__EXERCISE__:
None of the pictures should be copied, though every line of the listing must be printed exactly.

__DATA SHOWN__:
_ _ _ _ _

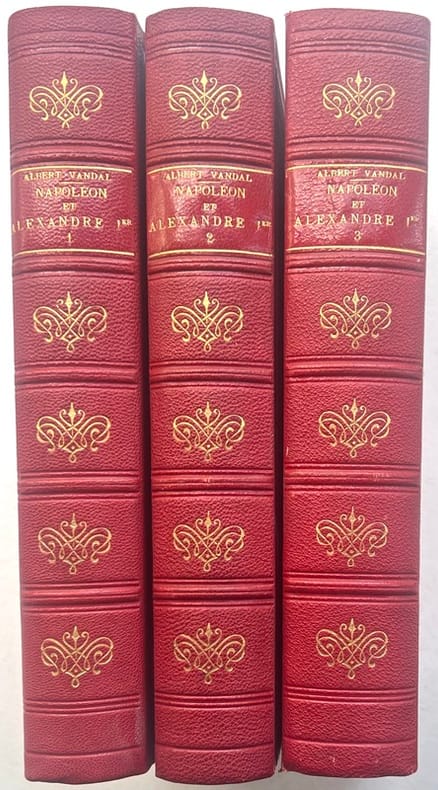 I. De Tilsit à Erfurt, Cinquième édition ; II. 1809. Le second mariage de Napoléon. Déclin de l'alliance, Quatrième édition ; III. La rupture, Troisième édition. Frottements légers sur la reliure, mais très bon exemplaire.
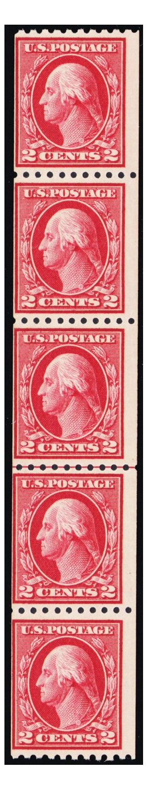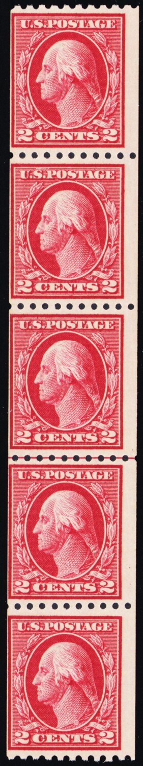 442, Mint NH 2¢ Coil Line Strip of 5 - SCV $207. - Stuart Katz
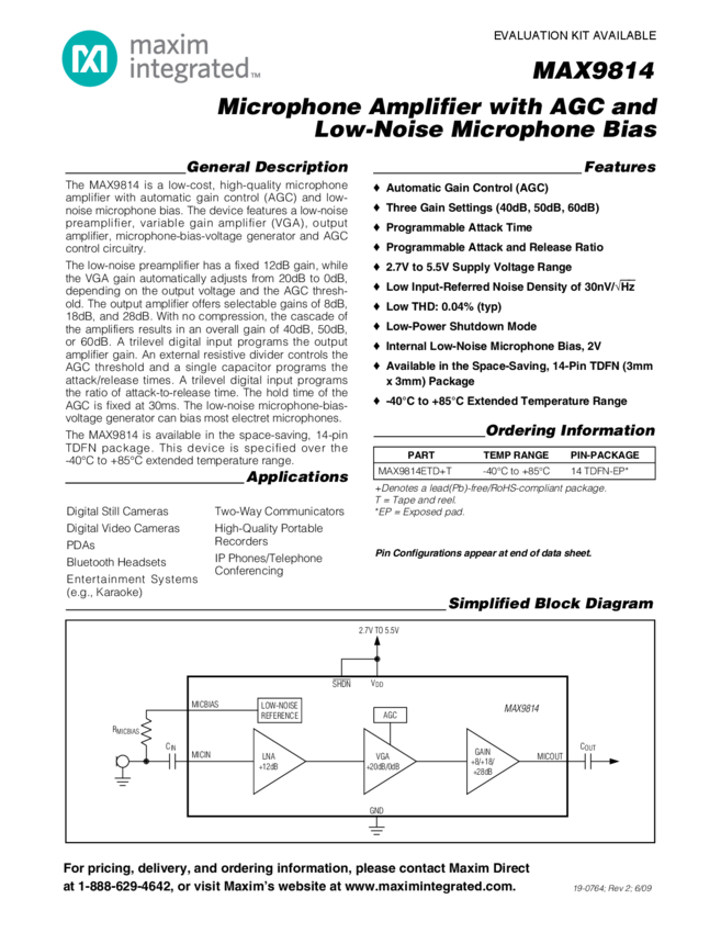 MAX9814 Microphone Amplifier with AGC and Low-Noise Microphone Bias
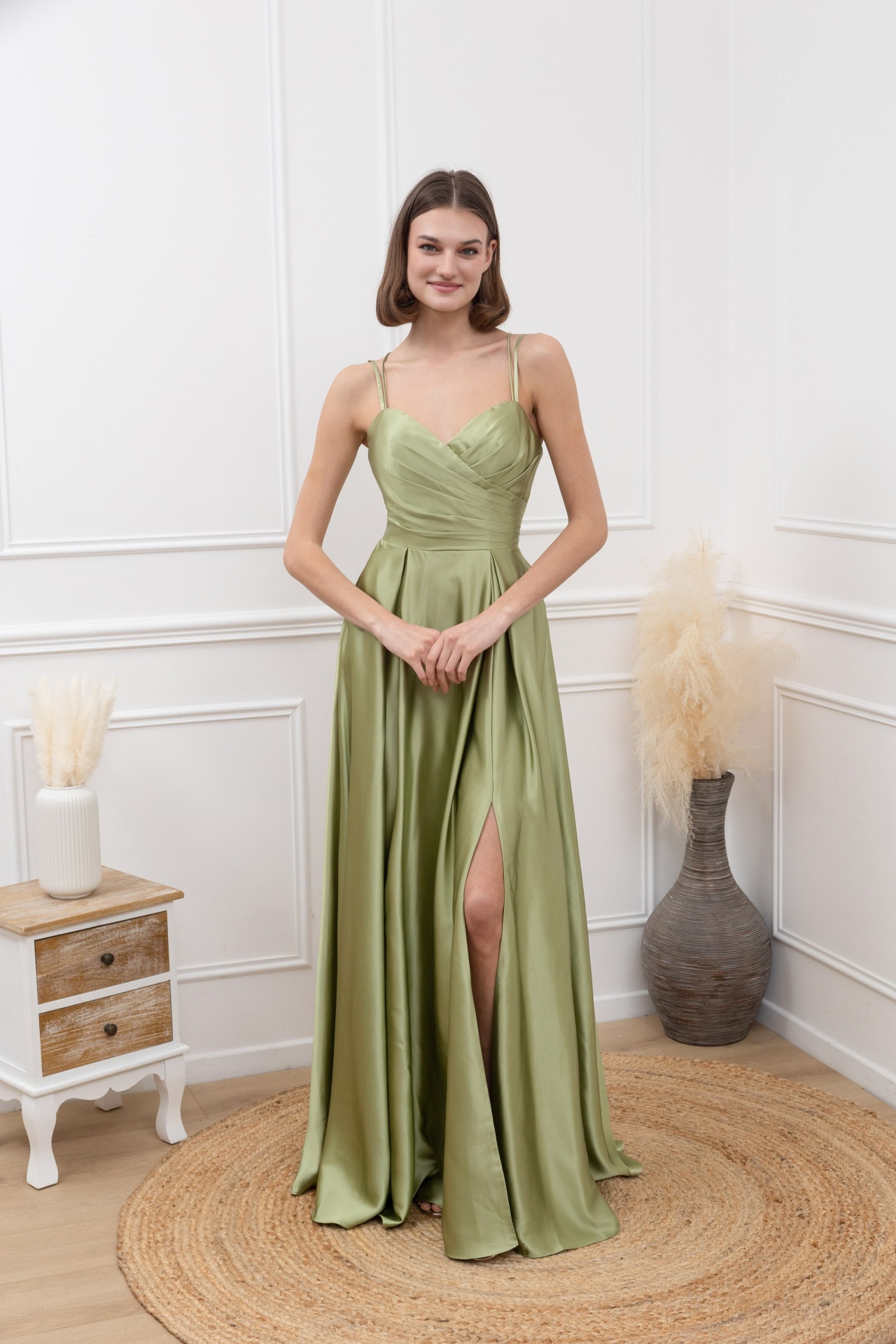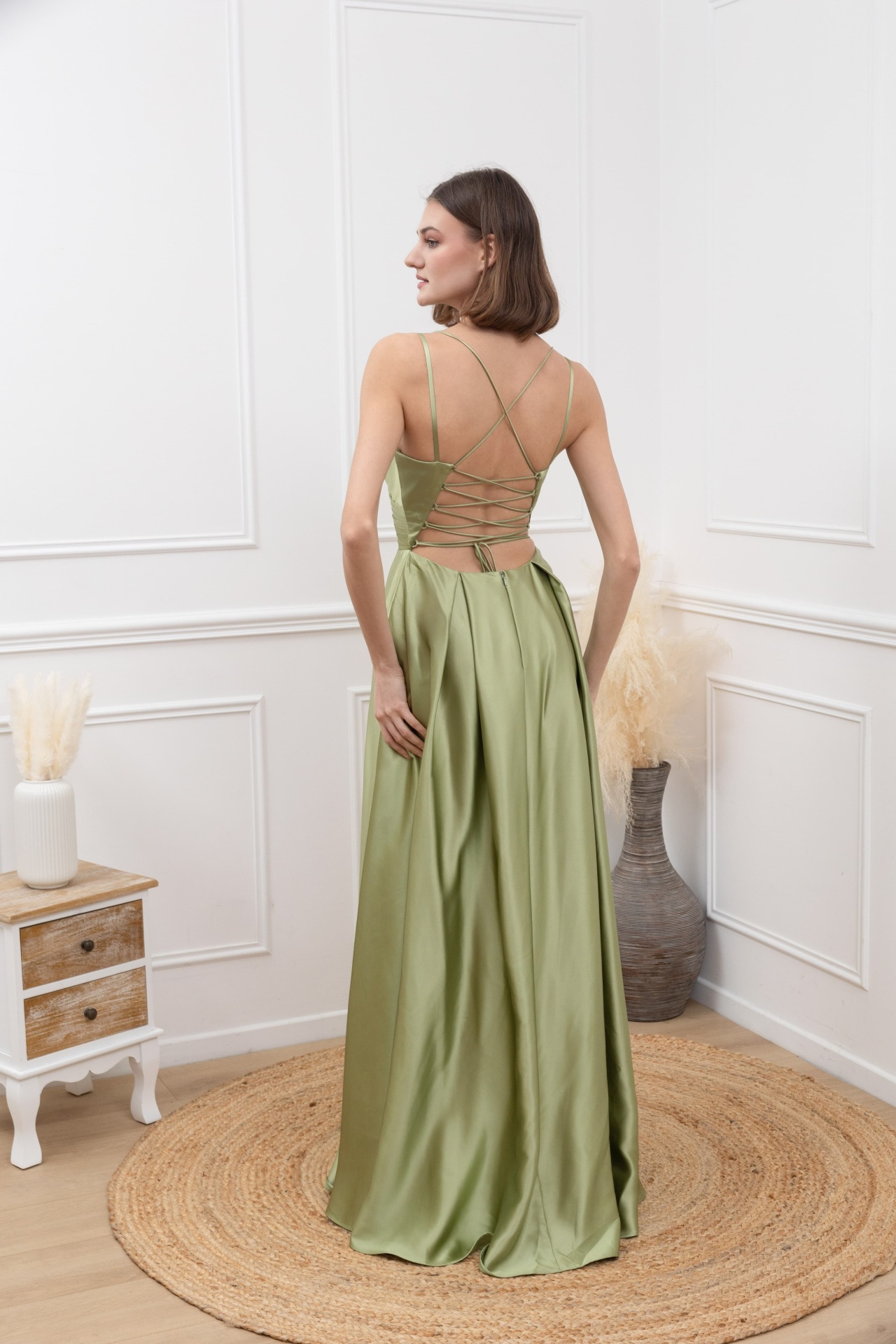 Vestido minimalista em cetim, ideal para quem procura um vestido que valorize elegância e simplicidade. O corpete ajustado apresenta uma copa estruturada, garantindo conforto e suporte e tem decote em V em trespasse.

_ _ _ _ _

__WORKED SOLUTION__:
 I. De Tilsit à Erfurt, Cinquième édition ; II. 1809. Le second mariage de Napoléon. Déclin de l'alliance, Quatrième édition ; III. La rupture, Troisième édition. Frottements légers sur la reliure, mais très bon exemplaire.
 442, Mint NH 2¢ Coil Line Strip of 5 - SCV $207. - Stuart Katz
 MAX9814 Microphone Amplifier with AGC and Low-Noise Microphone Bias
 Vestido minimalista em cetim, ideal para quem procura um vestido que valorize elegância e simplicidade. O corpete ajustado apresenta uma copa estruturada, garantindo conforto e suporte e tem decote em V em trespasse.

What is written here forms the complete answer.